The chemical composition, in mass%, is
C: 0.18 to 0.50%,
Si: 0.001 to 2.00%,
Mn: 0.001 to 3.00%,
P: 0.10% or less,
S: 0.0015% or less,
Nb: 0.010 to 0.100%,
Cr: 0.001 to 0.50%,
Al: 0.0001 to 0.100%,
Ti: 0.001 to 0.500%,
O: less than 0.0030%,
B: 0.0006 to 0.0030%,
N: 0.0100% or less, and the balance: Fe and impurities;
The metal structure is martensite,
The area ratio of MnS having a length of 100 μm or more at a depth position of 1/4 to 3/4 of the plate thickness is 0.0100% or less,
A hot stamped part having a tensile strength of 1.5 GPa or more, in which the number ratio of carbides having a grain size of 1.2 μm or more among carbides having a grain size of 0.5 μm or more present in steel is 10.0% or less. The chemical composition, in mass%,
V: 2.00% or less,
The hot stamped part according to claim 1 , comprising one or more selected from the group consisting of Ta: 0.50% or less, and W: 3.00% or less. The chemical composition, in mass%,
Ni: 5.00% or less,
The hot stamped part according to claim 1 or 2, comprising one or more selected from the group consisting of Cu: 3.00% or less, and Mo: 0.50% or less. The chemical composition, in mass%,
Mg: 0.0030% or less,
Ca: 0.0030% or less,
The hot stamped part according to any one of claims 1 to 3, comprising one or more selected from La: 0.030% or less, and Ce: 0.030% or less. A method for producing a hot stamped component according to any one of claims 1 to 4, comprising the steps of:
The chemical composition, in mass%, is
C: 0.18 to 0.50%,
Si: 0.001 to 2.00%,
Mn: 0.001 to 3.00%,
P: 0.10% or less,
S: 0.0015% or less,
Nb: 0.010 to 0.100%,
Cr: 0.001 to 0.50%,
Al: 0.0001 to 0.100%,
Ti: 0.001 to 0.500%,
O: less than 0.0030%,
B: 0.0006 to 0.0030%,
N: 0.0100% or less, and the balance: Fe and impurities;
A hot stamping process of hot stamping a steel sheet having a metal structure which is a mixed structure of ferrite and pearlite and an area ratio of MnS having a length of 100 μm or more at a depth position of 1/4 to 3/4 of the sheet thickness is 0.0100% or less;
and a heat treatment step of subjecting the obtained hot stamped part to a heat treatment at 500 to 100° C. that satisfies the condition of the following formula (i).
log(t)≦(625−T)/125 (i)
In formula (i), t is the heat treatment time (seconds), and T is the heat treatment temperature (° C.). The chemical composition, in mass%,
V: 2.00% or less,
The method for producing a hot stamped part according to claim 5, further comprising the step of: Ta: 0.50% or less; and W: 3.00% or less. The chemical composition, in mass%,
Ni: 5.00% or less,
The method for producing a hot stamped part according to claim 5 or 6, further comprising the step of: adding at least one selected from the group consisting of Cu: 3.00% or less, and Mo: 0.50% or less. The chemical composition, in mass%,
Mg: 0.0030% or less,
Ca: 0.0030% or less,
The method for producing a hot stamped part according to any one of claims 5 to 7, comprising one or more selected from La: 0.030% or less, and Ce: 0.030% or less. A method for producing a hot stamped component according to any one of claims 1 to 4, comprising the steps of:
a rolling step of heating a steel ingot or steel slab having the chemical composition according to any one of claims 1 to 4 at a temperature equal to or higher than T (°C) represented by the formula (ii) for a time period of 30 minutes or more, completing rough rolling at 1000 to 1150°C, and completing finish rolling at an Ae point of ₃ or higher;
A cooling step of cooling at an average cooling rate of 10 to 200 ° C. / sec.

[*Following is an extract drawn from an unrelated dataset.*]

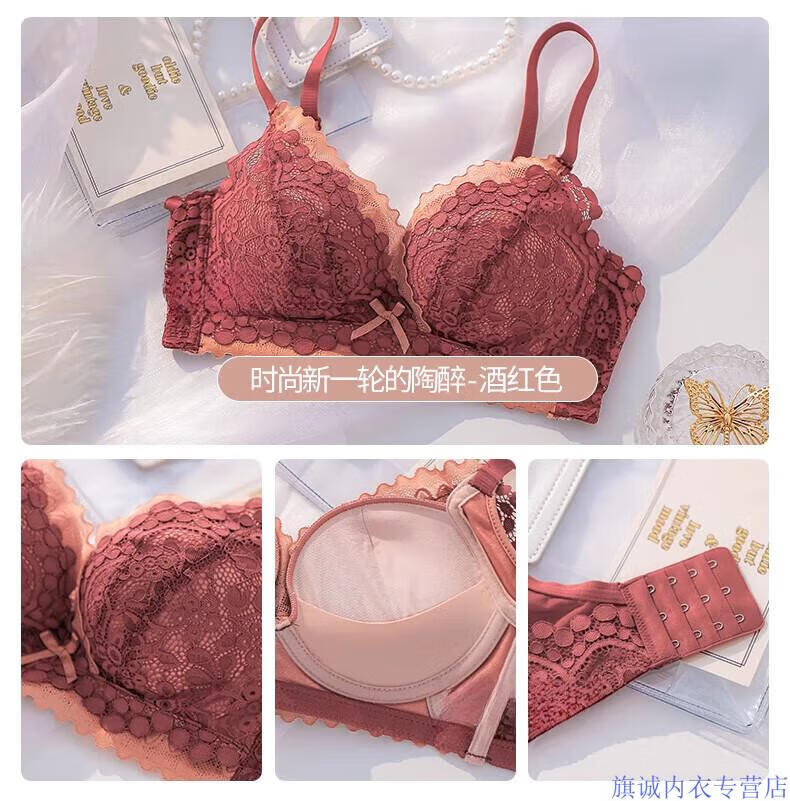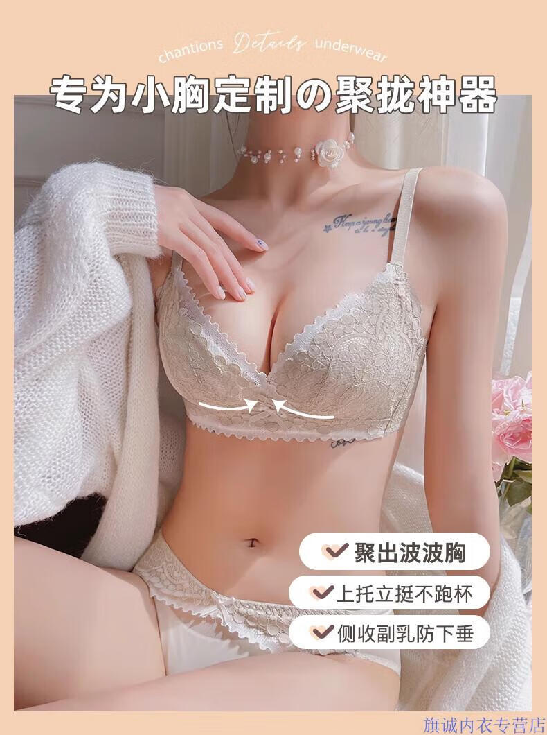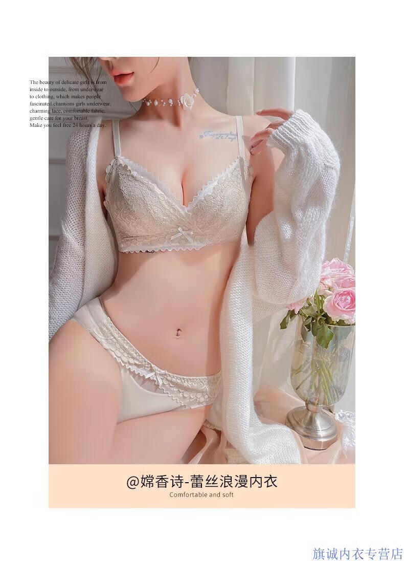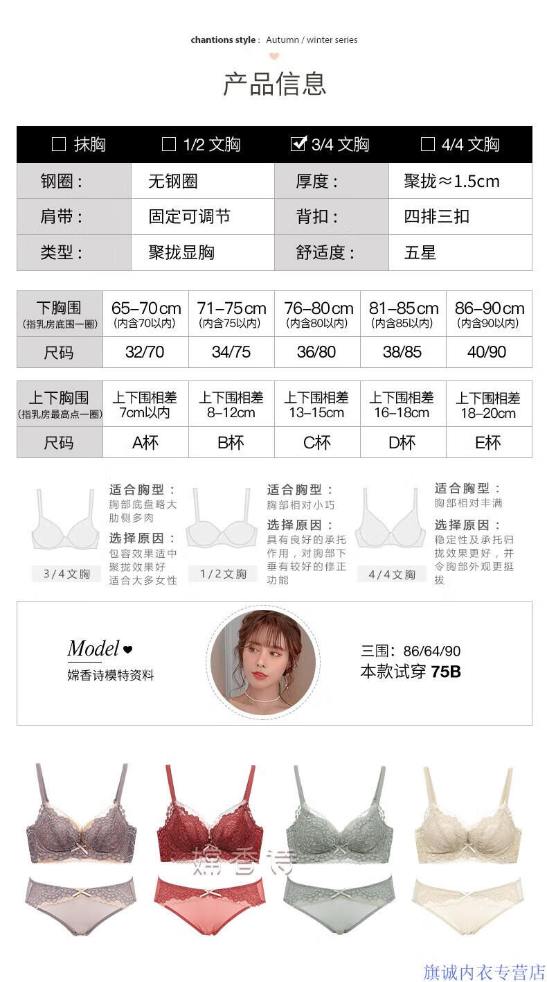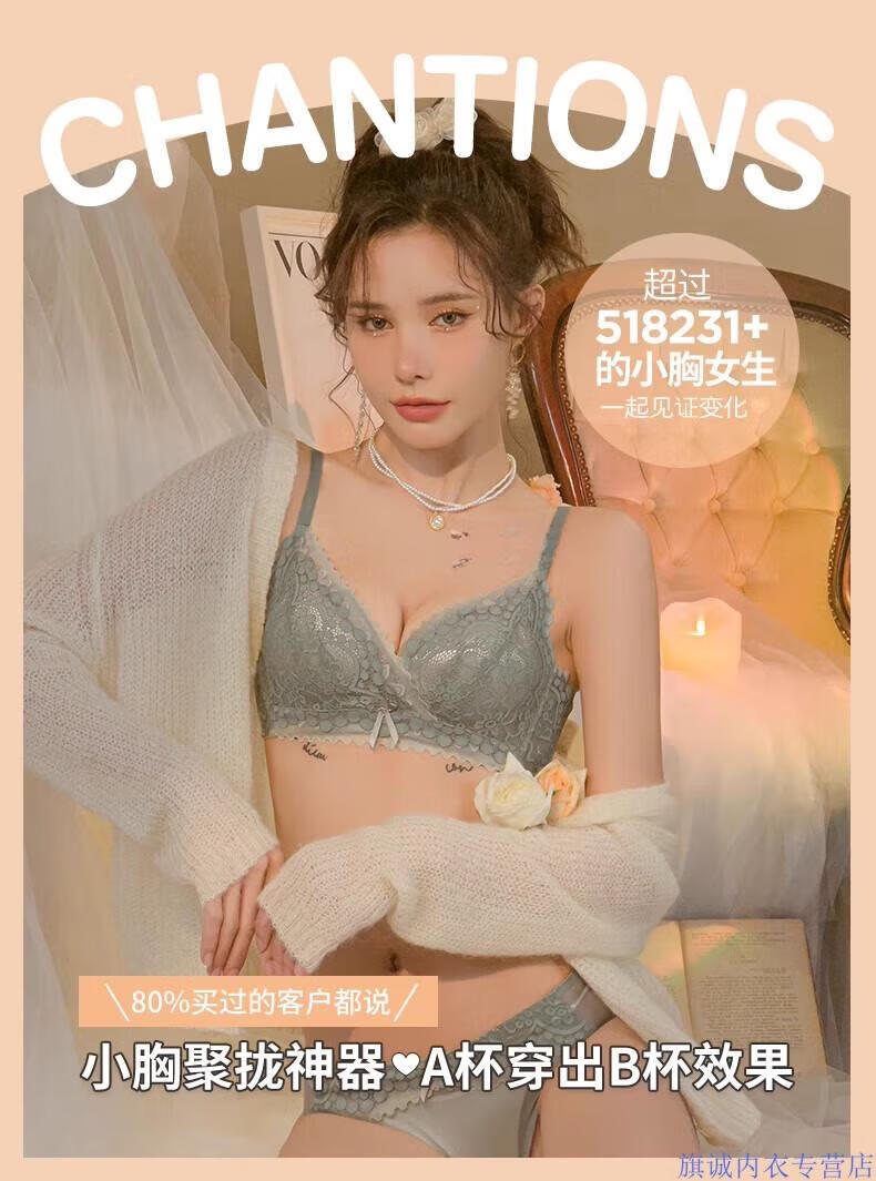 维多利亚的格调维密系列内衣女士聚拢小胸显大无钢圈收副乳防下垂文胸罩套装 灰紫色-套装【小胸聚拢】 80B 80/36B 【舒适无钢圈】

A winding process at 680 to 560°C;
A pickling process for removing scale by pickling;
A cold rolling process in which the reduction ratio is 10 to 60%;
An annealing step of heating to 730 to 900 ° C.;
a hot stamping process for hot stamping the steel sheet that has been annealed;
and a heat treatment step of subjecting the obtained hot stamped part to a heat treatment at 500 to 100° C. that satisfies the condition of the following formula (i).
log(t)≦(625−T)/125 (i)
T (° C.)=[0.020+(mass% Mn)(mass% S)]/(1.9×10 ⁻⁵ ) (ii)
In formula (i), t is the heat treatment time (seconds), and T is the heat treatment temperature (° C.). In formula (ii), mass % Mn and mass % S represent the contents of Mn and S, respectively.